吃りやすくなるというか、口が開くのが遅くなるというか。
簡単に言えば、前までは言えた早口言葉を、言えなくなってしまうような感じで。
けれども目は違う。
目は使えなければ使えないほど、神経が鋭くなる。音にも敏感になるし、嗅覚だって鋭くなる。
あと、物の距離感。
見えないはずなのにイスなどは〝この辺にあるな〟って、慣れなのか、なんとなく分かってくる。だけど、それはなんとなくってだけ。

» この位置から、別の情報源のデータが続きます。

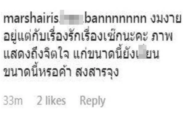 โดยข้อความดังกล่าวนั้นได้ระบุว่า งงงาย อยู่แต่กับเรื่องรักกับเซ็กนะคะ ภาพแสดงถึงจิตใจ แก่ขนาดนี้ยังเxยนหรอค้า สงสารจุง” เรียกว่างานนี้ก็ทำเอาแฟนคลับคนอื่นๆ เกิดความไม่พอใจกันอย่างมาก และหลายๆ คนก็ได้เข้ามาให้กำลังใจ มาช่ากันอย่างมากมาย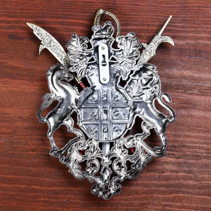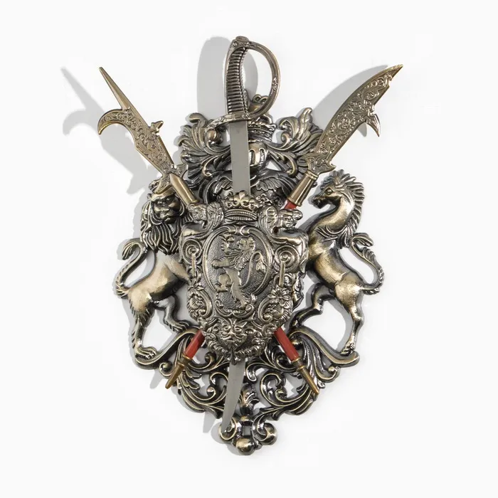- Элегантный дизайн: Геральдический мотив с львом и шпагами символизирует мужество и защиту, создавая атмосферу силы и уверенности.

見えないものは見えないから、額に何かをぶつけたりするし、手を伸ばすことが怖いと思ってしまう。
まだまだ怖いし不便なのは変わらない…。
段差なんか、特に怖い。
あると思っていたところに床がなく、踏み外し、足を怪我する場合もある。
目が見えない人がいつも杖を持っている理由が、分かった気がした。
「……落ちてるぞ」
優しい声がする。
この人は、昨日からここにいる。
どうしてここに居るか分からない。
私はよく分からない理由で、ケイシと結婚する。そしてもう、この人とは会わないはずだった。…そう、この人の祖父のすごく偉い人に言ったはずなのに。
「……え?」
「写真?破れてるっぽいけど…」
ユウリにそう言われて、私はとっさにポケットの中を確認した。ある。ケイシに破かれた写真が。
いつも着替える時は、無くさないようにしていたのに。
「わ、…わたしのです…きっと」
「…そうか」
ユウリが、欠片を私の手のひらに乗せてくれた。もう絶対無くさないようにと、ポケットの中に入れ…。
「すみません…ありがとうございます…」
お礼を言えば、彼は「ああ」と言うだけで。それ以上は何も言わない。
前みたいに私に話しかけてこない。
布団一式しかない部屋の中は、多分ユウリと私の2人きりだった。時計の音も聞こえず黙り込んでいる時、──ガチャっと足音とともに扉が開かれた。
足音でケイシだと分かり、とっさに身構えた。
「何かあったか?」
ケイシはもう、ユウリに敬語は使ってない。
「この子が写真を落としただけで…なにも」
「写真?」
「破れた写真です」
「ああ、俺が破ったやつな、まだ持ってんのか」
ケイシの鼻で笑う声が聞こえ。ユウリが黙る。
ケイシの言葉に泣きそうになっていると、「それ以外は?」と、ケイシの声が低くなり。
「…ありません」
それと同じように、ユウリの声も低くなり、私は黙って二人の会話を聞いていた。
「なんだ?怒ってんのか?お前、タカの代わりに来たんだからしっかり働けよ」
「分かってます」
「無理なら出ていけ、別に止めやしねえよ」
「出ていきません」
「俺の下についたからには、背く事は許さない。はいはい言うこと聞け、七渡さんみたいに俺は甘くねぇからな」
「…はい」
「分かったら婚姻届、役所から持ってこい。夕方までにこいつの名前書かせとけ」
ユウリがここにいる理由は、なんとなく分かっていた。
ユウリは多分、私が可哀想だから、優しいユウリはタカの代わりにお世話をしてくれるようになった。
それか、ケガをしているタカが復帰するまでの期間だけか。
「記入したそれも、お前が出しにいけよ」
鼻で笑ったケイシに、ユウリは「…はい」と返事をしていた。やっぱり、その声は低かった。